TEL AVIV -- Iranians living abroad are ashamed of him. Wealthy Iranian entrepreneurs and political moderates shudder at every word he utters, especially on foreign policy. Foreign leaders and analysts have called him a "great danger" to the region. Israel's Iranian-born former defense minister, Shaul Mofaz, has likened him to Adolf Hitler.
Yet to millions of Iranians, far more than the West can imagine, Iranian President Mahmoud Ahmadinejad is a rather popular guy.
Barring his outbursts denying the extent of the Holocaust and threatening Israel with annihilation, Mr. Ahmadinejad is saying and doing what a majority of Iranians want to hear. The key to his success is that he has learned who the average Iranian is and what he or she wants. The West has not.
In fact, the West has it completely wrong. Unlike reports in the Western media, the average Iranian is not the well-dressed, lipstick-wearing woman of northern Tehran who speaks with Western reporters about Channel, Gucci and Jennifer Lopez. The average Iranian is from the lower income brackets and lives outside Tehran.
Since taking office, Mr. Ahmadinejad has done much to reach out to these people, who live mostly in rural areas. This is not only because his origin is provincial. Former President Mohammad Khatami and the president before him, Hashemi Rafsanjani, also were from the provinces, but they treated Tehran as if it represented Iran. Through his constant trips to the provinces (13 so far), Mr. Ahmadinejad has made non-Tehranis feel as if they also belong to Iran.
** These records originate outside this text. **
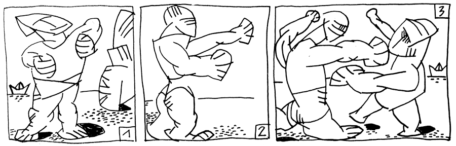 Die Mhkis lassen Melo keine Bedenkzeit und prügeln gleich auf einander ein.So wie`s ausschaut ist das Catch as catch can. Macht das Spaß? Eigentlich ist Melo überflüssig.
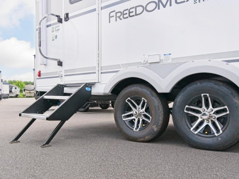 Experience ultimate comfort in the Coachmen Freedom Express Select 19SE with a spacious rear corner bath and a slide-out sofa with a free-standing table—perfect for relaxing after a day of adventure!
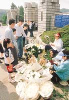 서울 동작동 국립묘지 입구에서 꽃을 사고 있다.

More important, Mr. Ahmadinejad is putting his money where his mouth is. In his budget approved in December, expenditures in rural areas increased by as much as 180 percent in his first year as president.
The rural population in Iran likes and appreciates him for his generosity because in the years before Mr. Ahmadinejad, those outside Tehran were treated as if they were distant relatives when it came to government investment and expenditure. This appreciation of the president exists even though far more of the rural population made sacrifices for the sake of the 1979 Islamic revolution than were made by residents of Tehran.
So these days, when "their" man is in town, rural Iranians turn up in the hundreds of thousands to greet him. Many of the people want to share their problems with him. This became apparent recently when, during a trip to Golestan Province in the northeast, 135,000 letters addressed to Mr. Ahmadinejad were handed to his delegation and to him personally by people in the crowd.